Attorney General
California’s top cop carries out the governor’s law enforcement directives. The attorney general’s job touches almost every facet of life in California, from the environment to its tech sector and consumer protections. During both Trump administrations, the attorney general’s office led high-profile lawsuits defending policies favored by California Democrats.
Candidates
Rob Bonta
Bonta was appointed attorney general in 2021 and was elected to a four-year term in 2022. Before that, he was an assemblymember representing parts of the East Bay. As attorney general, Bonta spent much of his first term enforcing housing and criminal justice laws passed in the early 2020s, including laws compelling recalcitrant cities to build new housing. Since the reelection of Donald Trump, Bonta has filed or joined more than 50 lawsuits against his administration.
Michael E. Gates
Gates, a former trial attorney, served as Huntington Beach city attorney for a decade. In that role, he challenged what he viewed as lenient criminal justice policy emanating from the state capital. He also fought elements of the new housing laws that would have compelled Huntington Beach to build more affordable housing.

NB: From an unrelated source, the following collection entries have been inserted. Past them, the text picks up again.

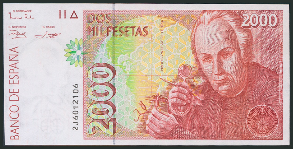 2000 Pesetas. 24 de Abril de 1992. Serie 2J y numeración capicúa. (Edifil 2017: 482Aa). SC.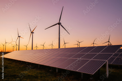 Renewable Energy Array: A breathtaking scene of sustainable progress, featuring wind turbines and solar panels against a captivating sunset sky, symbolizing a clean energy future.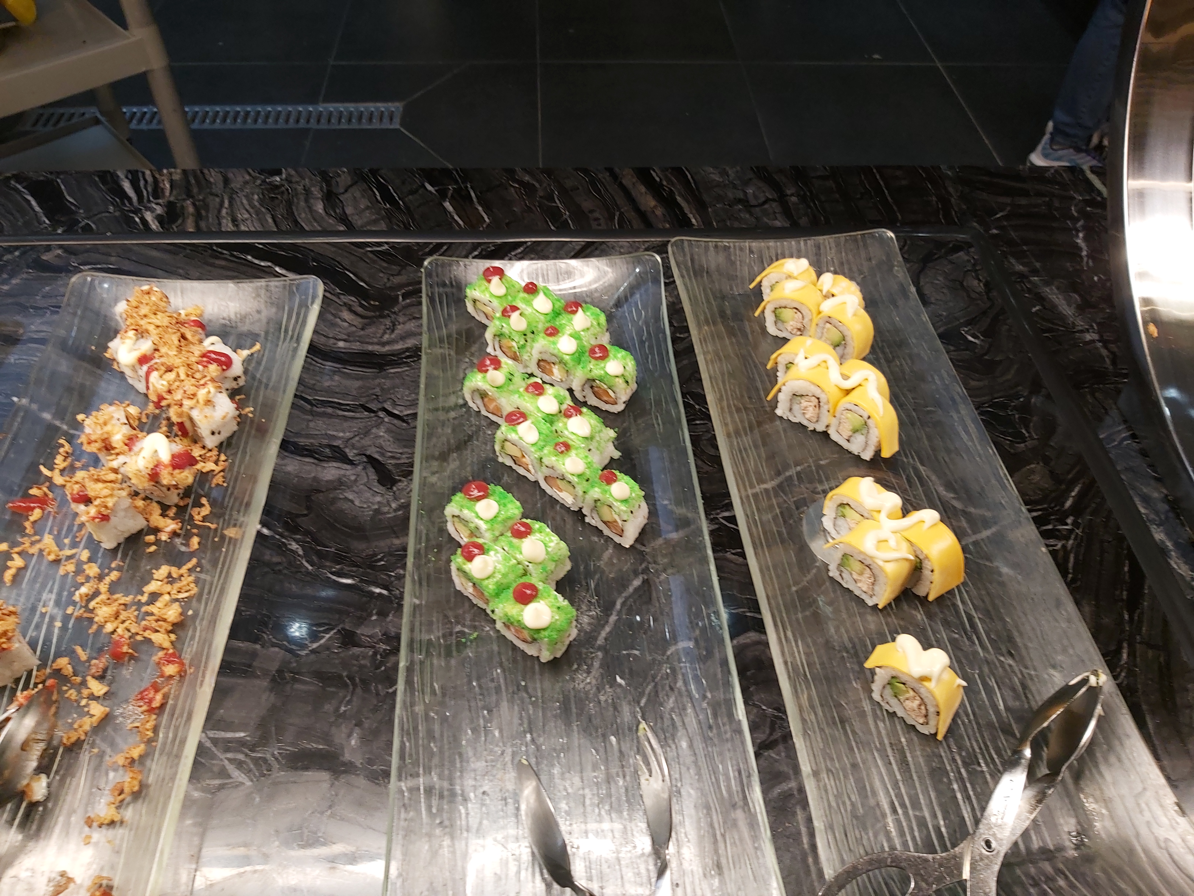 Repas froid, peu de variétés asiatiques malgré son affiche. Buffet décevants, aliments peut être pas frais, salle peu moderne et pas chaleureuse. Gamme de sushis pitoyable et desserts surgelés à éviter.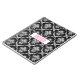 Elegante padrão uniforme de amortecimento floral branco sobre fundo preto. Toque de rosa. Monograma personalizado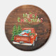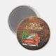Red Truck Pine Tree Merry Christmas Wood Magnet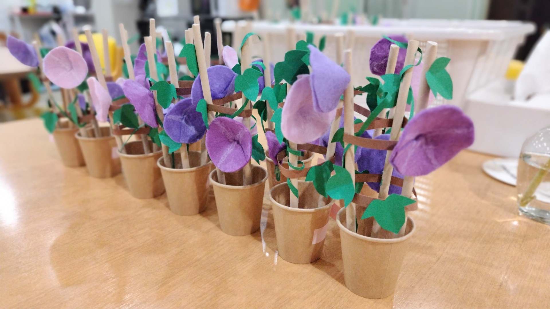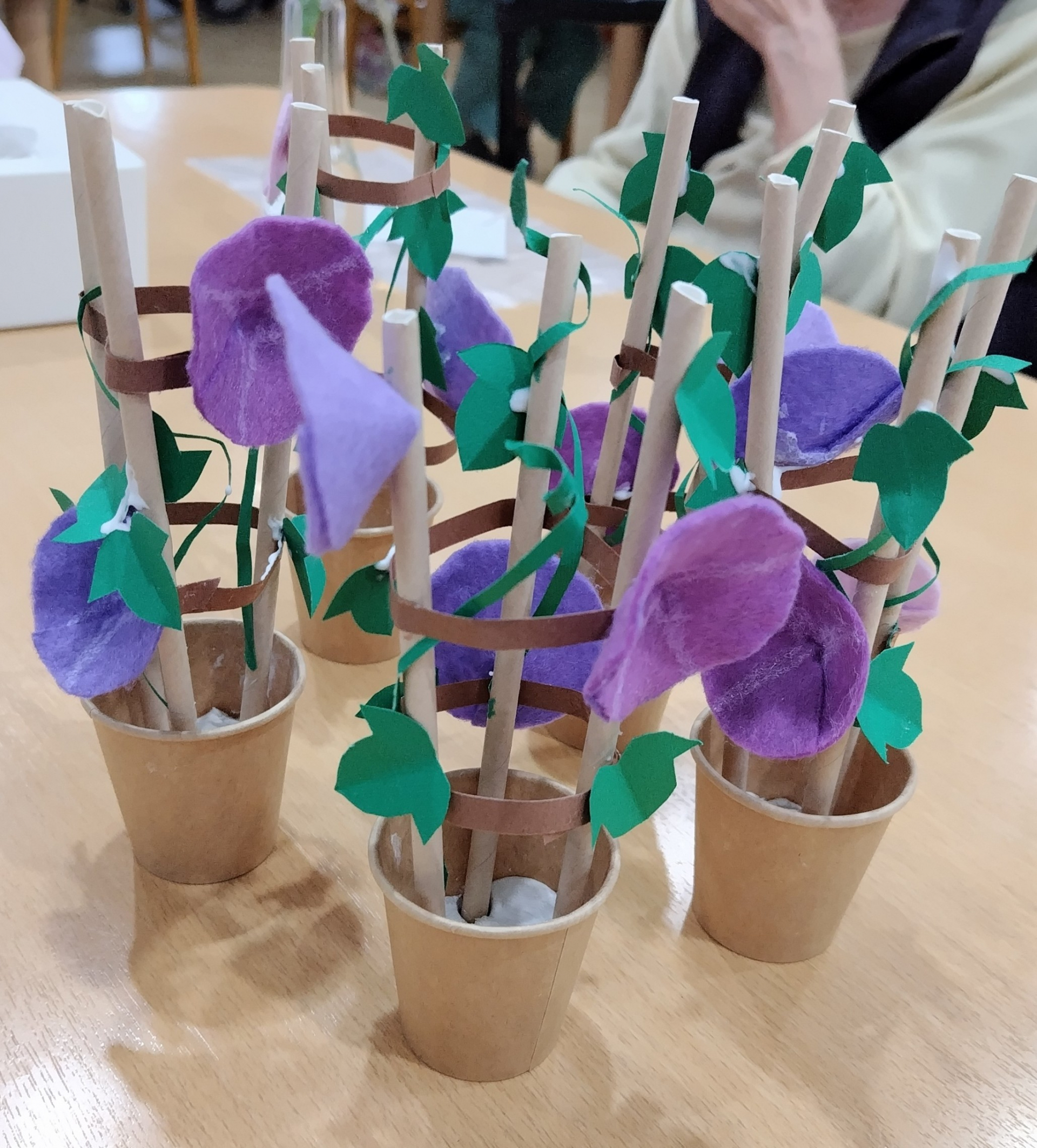 そこで、6月26日の手工芸は初夏を感じる朝顔の鉢植えを作ってみました♪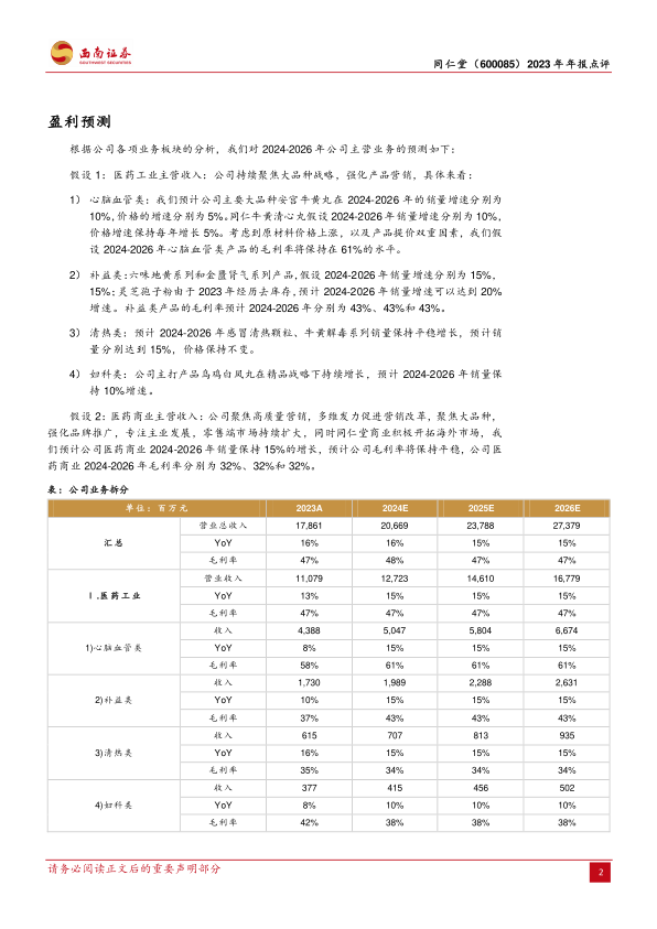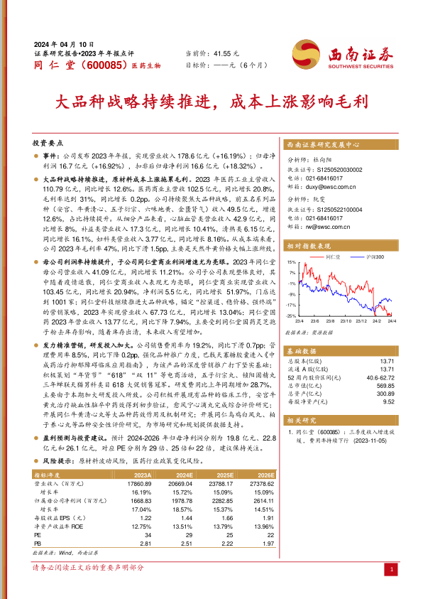 大品种战略持续推进,原材料成本上涨拖累毛利。2023年医药工业主营收入110.79亿元,同比增长12.6%。医药商业主营收102.5亿元,同比增长20.8%,毛利率达到31%,同比增长0.2pp。公司持续聚焦大品种战略,前五名系列品种(安宫、牛黄清心、五子衍宗、六味地黄、金匮肾气)收入49.5亿元,增速12.6%,占比持续提升。从细分产品来看,心脑血管类营业收入42.9亿元,同比增长8%,补益类营业收入17.3亿元,同比增长10.41%,清热类6.15亿元,同比增长16.1%,妇科类营业收入3.77亿元,同比增长8.16%。从成本端来看,公司2023年毛利率47%,同比下滑1.5pp,主要是天然牛黄价格大幅上涨所致。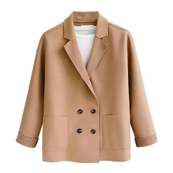 Veste En Laine Double Boutonnage Manches Longues Decontracte Femme Blouson Gris Clair Manteaux Hauts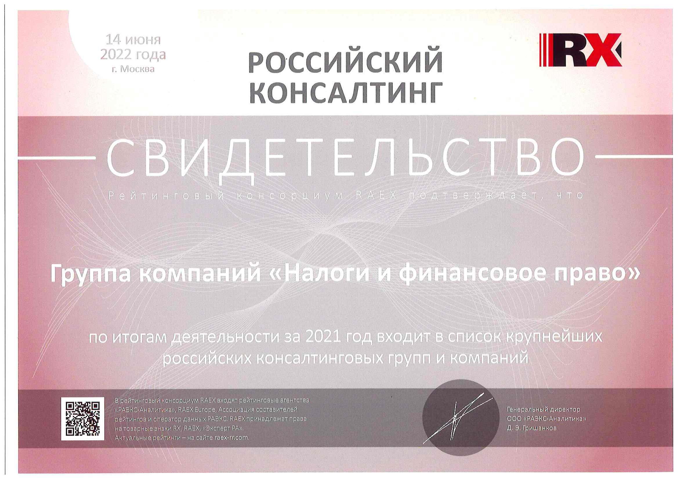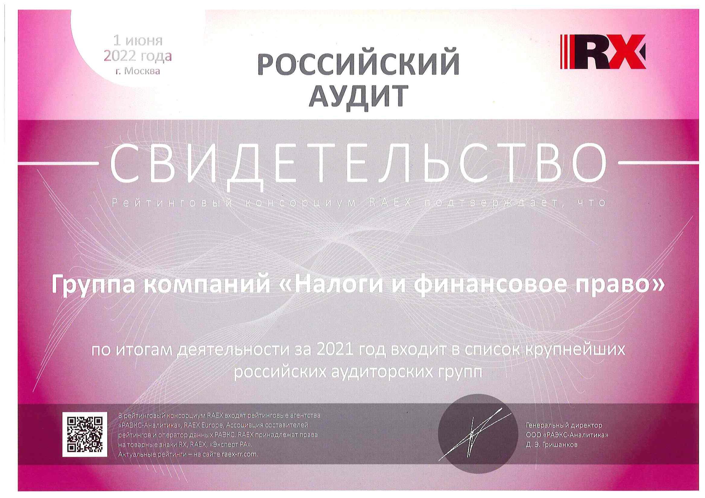 По итогам деятельности за 2021 год Группа компаний «Налоги и финансовое право» входит в список крупнейших российских аудиторских и консалтинговых организаций.

In 2025, Gates was appointed a deputy assistant attorney general in the U.S. Department of Justice’s Civil Rights Division, a job he left in November when he returned to the Huntington Beach city attorney’s office.
Marjorie Mikels
Mikels is a longtime Inland Empire litigator who was twice the first female lawyer hired at firms in San Bernardino County before founding her own law firm in 1988. Mikels retired when she decided to run for attorney general to oppose Israel’s bombing campaign of noncombatants in Gaza and the public-private partnership deals between governments and Silicon Valley companies for surveillance technology.